Walter Wilhem Flegel, um trabalhador temporário argentino, foi erroneamente identificado como Martin Bormann, um alto oficial nazista desaparecido após a Segunda Guerra Mundial. A confusão ocorreu entre 23 e 30 de setembro de 1960, quando Flegel foi detido em Zárate, na Argentina, gerando repercussões políticas e midiáticas.

Recentemente, documentos desclassificados revelaram detalhes sobre a vida de Flegel e sua detenção. Nascido em 1912 na Prússia Oriental, Flegel chegou ao Chile em 1930 e, após um acidente que resultou na perda do braço direito, migrou para a Argentina. Ele enfrentou dificuldades financeiras, levando-o a cometer crimes e a ser preso por roubo.

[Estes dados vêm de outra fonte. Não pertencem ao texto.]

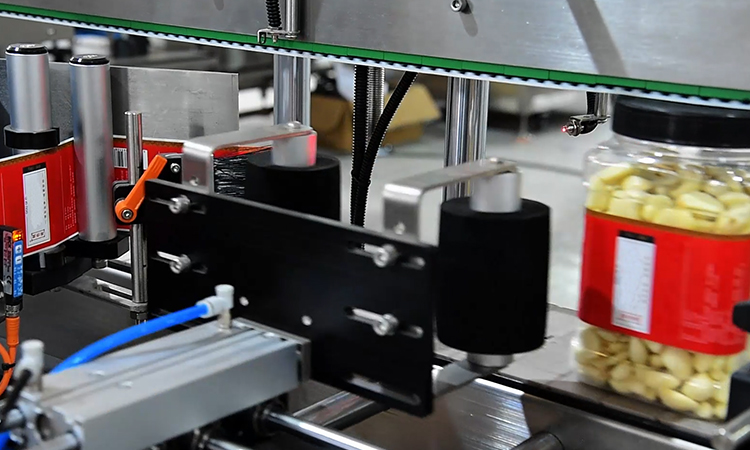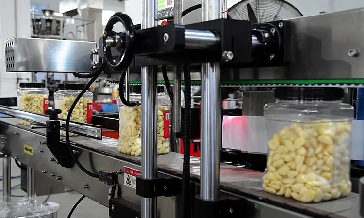 最后,成品大蒜瓶进入全自动贴标机进行贴标处理。该设备采用定制毛刷,能够精准地贴在方瓶的三个面上,适用产品范围广泛,贴标速度可达40-60瓶/分钟。其输送带高度与铝箔封口机匹配,确保了生产线的整体协调性。此外,该设备还具备色带打码功能,能够满足不同客户的需求。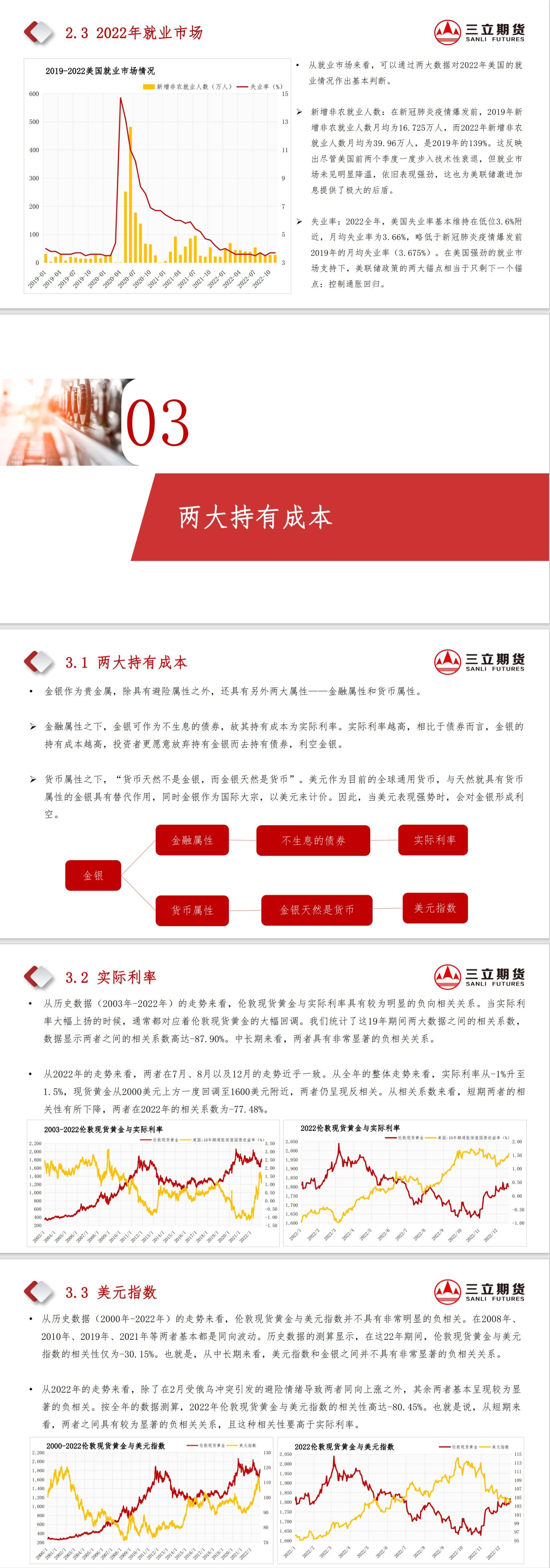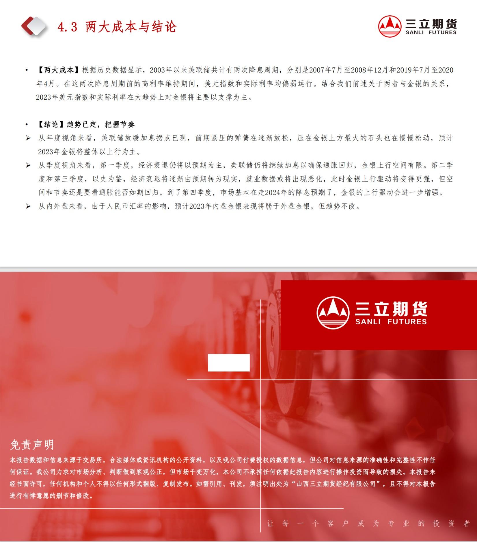 从季度视角来看,第一季度,经济衰退仍将以预期为主,美联储仍将继续加息以确保通胀回归,金银上行空间有限。第二季度和第三季度,以史为鉴,经济衰退将逐渐由预期转为现实,就业数据或将出现恶化,此时金银上行驱动将变得更强,但空间和节奏还是要看通胀能否如期回归。到了第四季度,市场基本在走2024年的降息预期了,金银的上行驱动会进一步增强。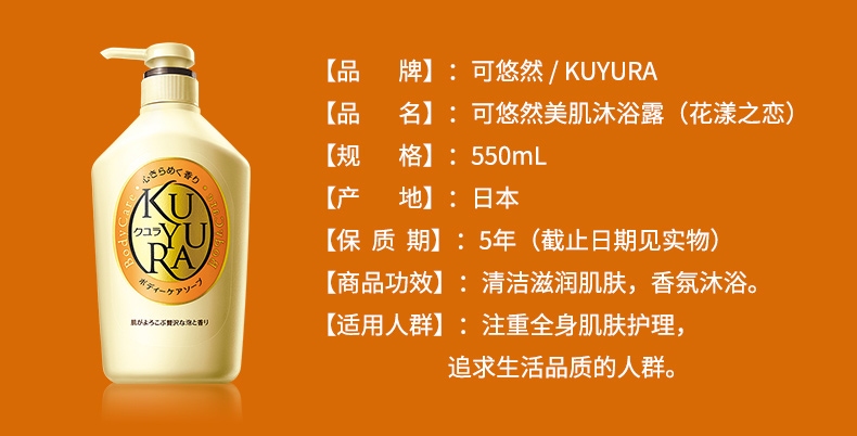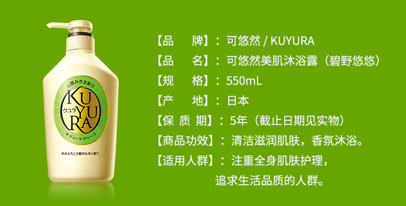 可悠然KUYURA,是资生堂集团旗下的原装进口沐浴露品牌,创立于2008年,含有肌肤护理成分的香芬及泡沫萦绕全身并清洁肌肤,让身体肌肤拥有与面部肌肤同等级别的护理。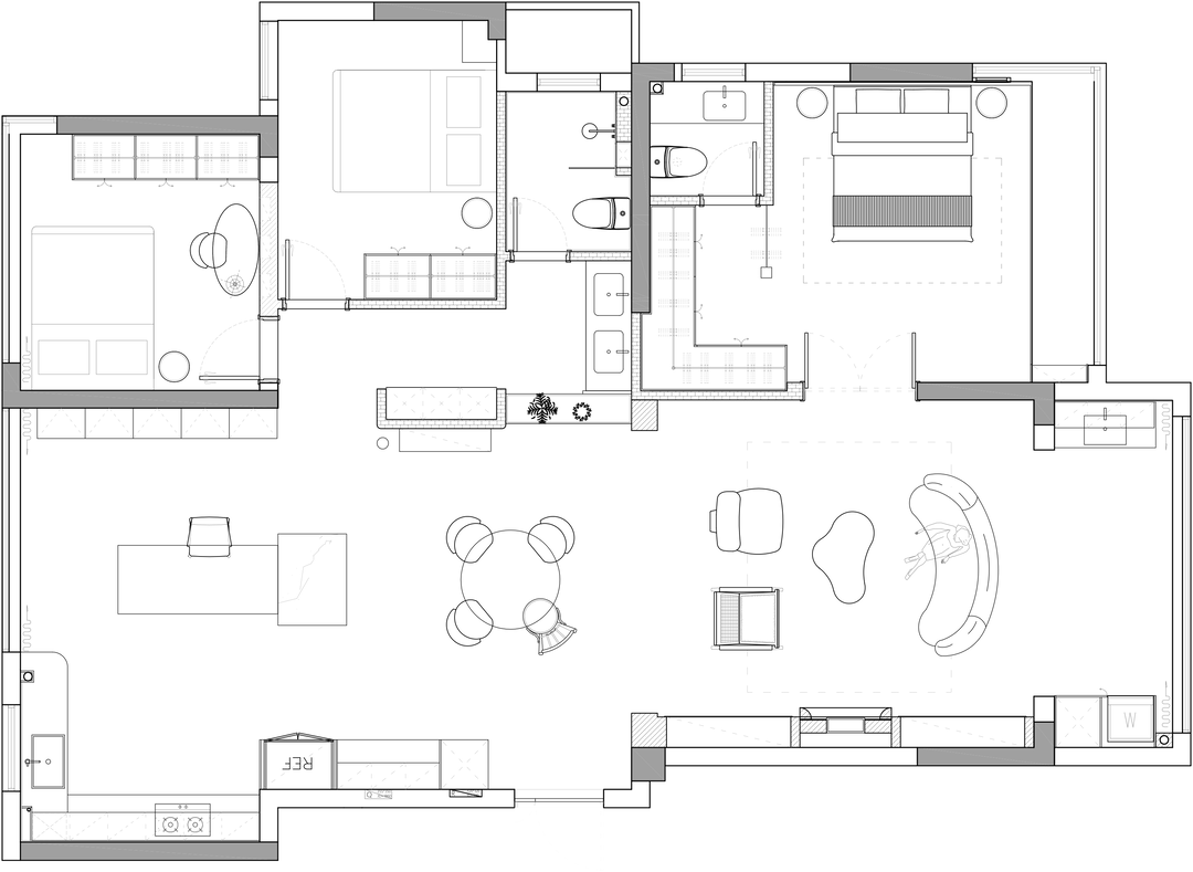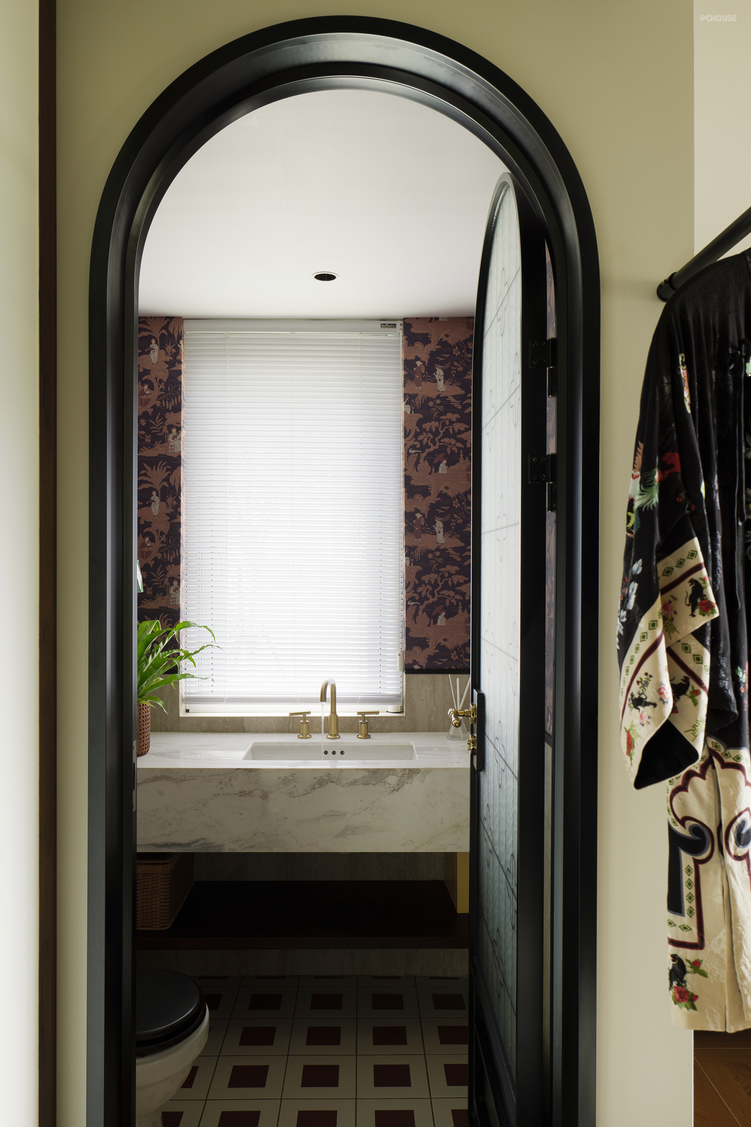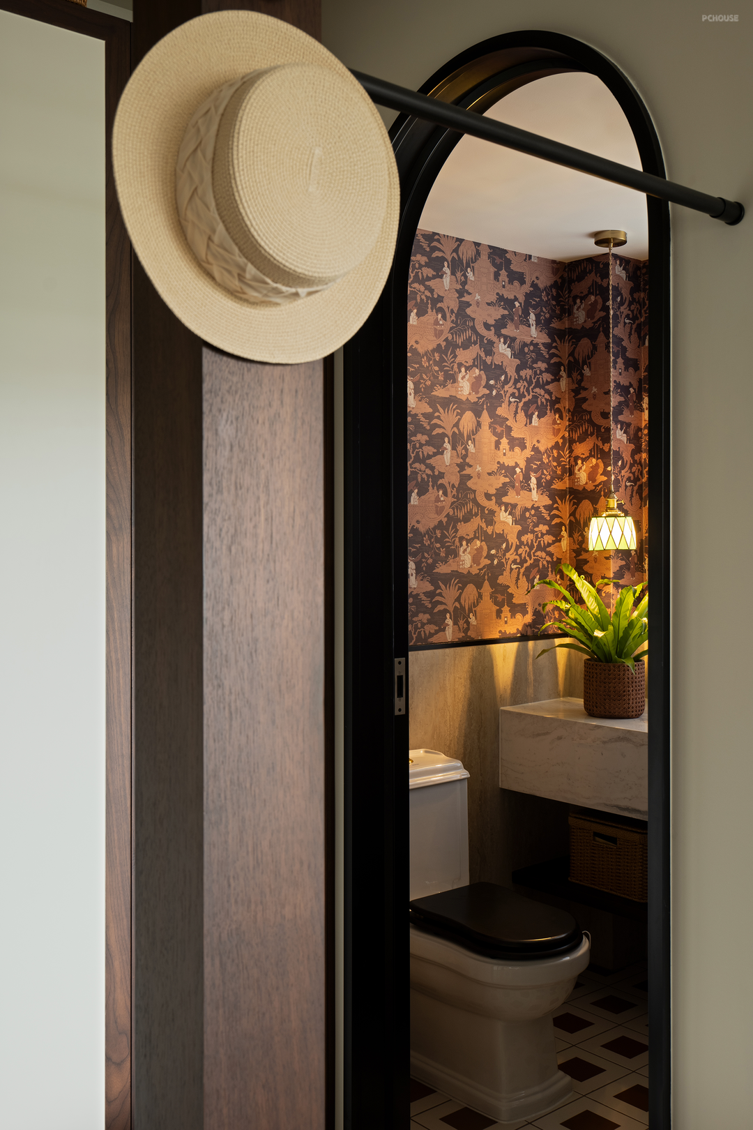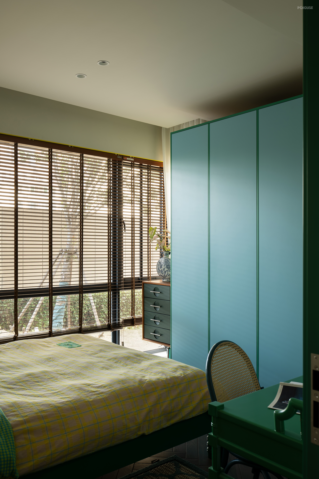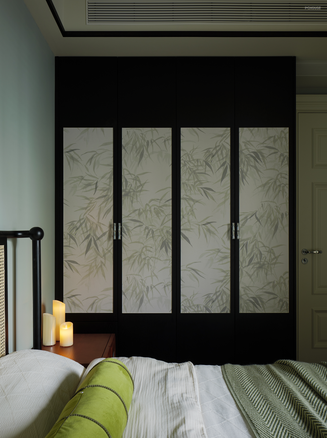 我们更改了主卧入口位置,做双开门。南洋风中,搭配进深色木质,突出木材本身的沉稳和馥郁调性,门洞与门扇中的弧形曲线营造慵懒随性之美。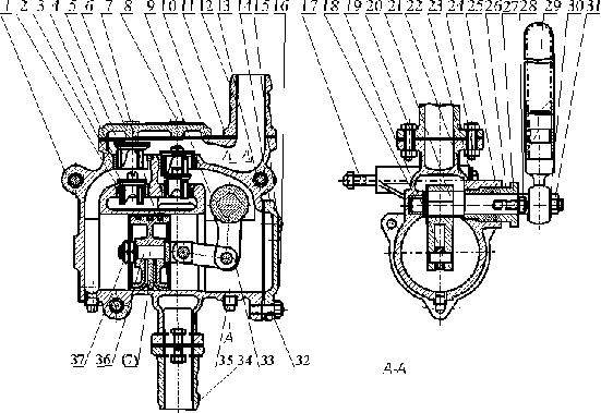 S、SH-25、38型手搖泵的結構原理是,當用手往復搖動搖手柄(29)時,通過軸(21)、搖臂(9)、連桿(36)等傳動機構,使活塞(7)作往復運動。如圖所示,當活塞向左移動時,右端的泵缸體積逐漸擴大,形成真空,液體從吸水管(34)經過鑄在泵體旁邊的吸入流道頂開吸水閥進入缸體右端。在同一時間里,缸體左側由于活塞的壓縮,使壓水閥(5)頂開,液體經吐出管(11)排出。若活塞的運動方向返回向右時,則泵缸左側吸入液體,泵缸右側排出液體,這樣往復不歇地把液體吸入排出。形成泵的工作。泵的壓水閥向上行程由蓋板(6)限止,吸水閥向上行程由壓水閥限止。蓋板與泵體用螺栓(8)緊固,活塞行程由泵蓋(14)和泵體限止。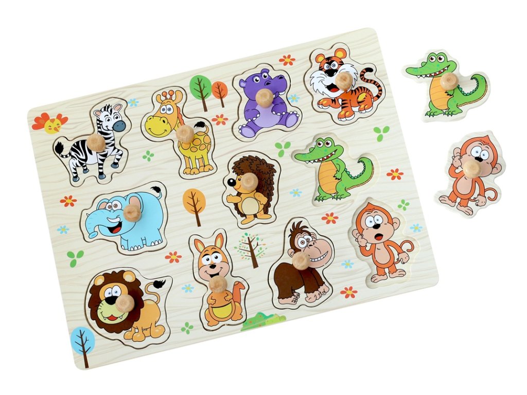 Krásné vkládací puzzle na pevné desce přináší kouzlo života v divočině přímo do dětských rukou! Děti se mohou seznámit se zvířátky na safari prostřednictvím 11 vkládacích dílků, které lze snadno uchopit. Skládačka podporuje rozvoj jemné motoriky, koordinace ruka-oko a zároveň učí rozpoznávat divoká zvířátka. Díky pevnému dřevěnému provedení je puzzle odolné a vydrží i časté používání malými dětmi.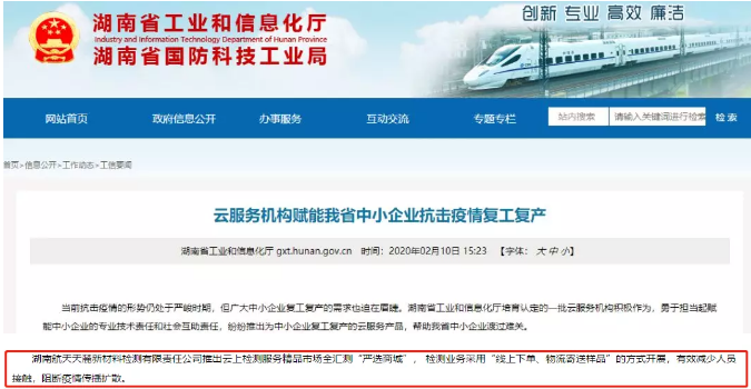 湖南航天天麓公司全匯測(cè)“嚴(yán)選商城”成功入選湖南省工業(yè)和信息化廳培育認(rèn)定的云服務(wù)機(jī)構(gòu),助力中小企業(yè)復(fù)工復(fù)產(chǎn),為檢測(cè)產(chǎn)業(yè)持續(xù)發(fā)展保駕護(hù)航。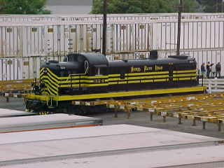 Nickel Plate Road RSD-5 324 built by American Locomotive Company in 1955 as Utah Railway 306. It was sold to Industrial Salvage & Metals in Salt Lake City in 1983 and traded to the Promontory Chapter, NRHS, for scrap value in seven donated former Kennecott locomotives in January 1984. It was stored here until sold to Doyle McCormack in October 1993, painted as a fictitious Nickel Plate 324 by February 1994 and leased to Willamette & Pacific.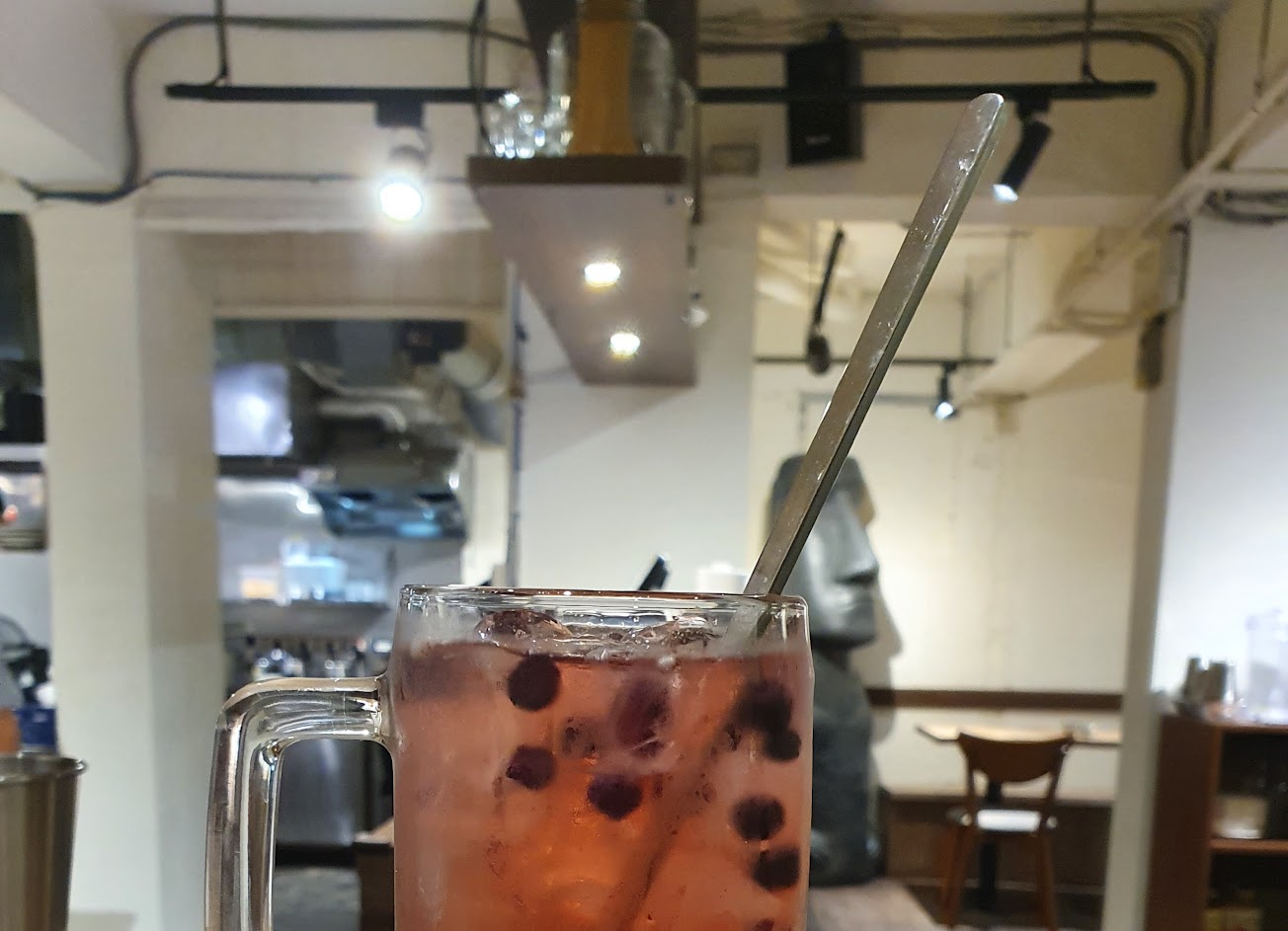 典型的亞洲醬油風味。醬汁流動性高,偏鹹,不是包覆麵體的濃稠型。乳酪絲有點微妙,感覺不出和醬油搭配的意義,麵體彈牙有嚼勁。整體來說味道不差,但過於平淡,如果添加大醬可能味道會豐富一些。或許是開放式廚房的關係,5月剛開幕,已經開始出現微微的油煙味,將來可能需要設法解決這個問題。下次想試試青醬口味。

A detenção de Flegel atraiu a atenção da mídia argentina, que buscava por nazistas fugitivos. Um misterioso documento o identificou como Bormann, que supostamente havia sido visto em diversos locais, incluindo Buenos Aires. A confusão se intensificou com relatos de que ele frequentava um bar na cidade, onde supostamente se encontrava com outros ex-oficiais nazistas.

Repercussões da Detenção

A detenção de Flegel provocou uma onda de interesse internacional, com o governo da Alemanha enviando mensagens diplomáticas a Buenos Aires. Apesar da confusão, a polícia argentina logo percebeu que Flegel não poderia ser Bormann, já que ele tinha 48 anos e o oficial nazista, 60. O ministro do Interior, Alfredo Vitolo, confirmou que Flegel estava no país desde 1931.

Após uma semana de notoriedade, Flegel foi libertado em 30 de setembro de 1960. Ele retornou à sua rotina como encarregado de depósito em uma empresa de Buenos Aires. Em sua declaração, afirmou que não tinha vínculos com o regime nazista e que sua vida era dedicada ao trabalho.

A história de Flegel ilustra como a busca por nazistas na Argentina gerou confusões e repercussões políticas, destacando a fragilidade das informações que circulavam na época. A detenção, embora infundada, colocou o governo argentino sob os holofotes internacionais, revelando a complexidade do legado nazista na América do Sul.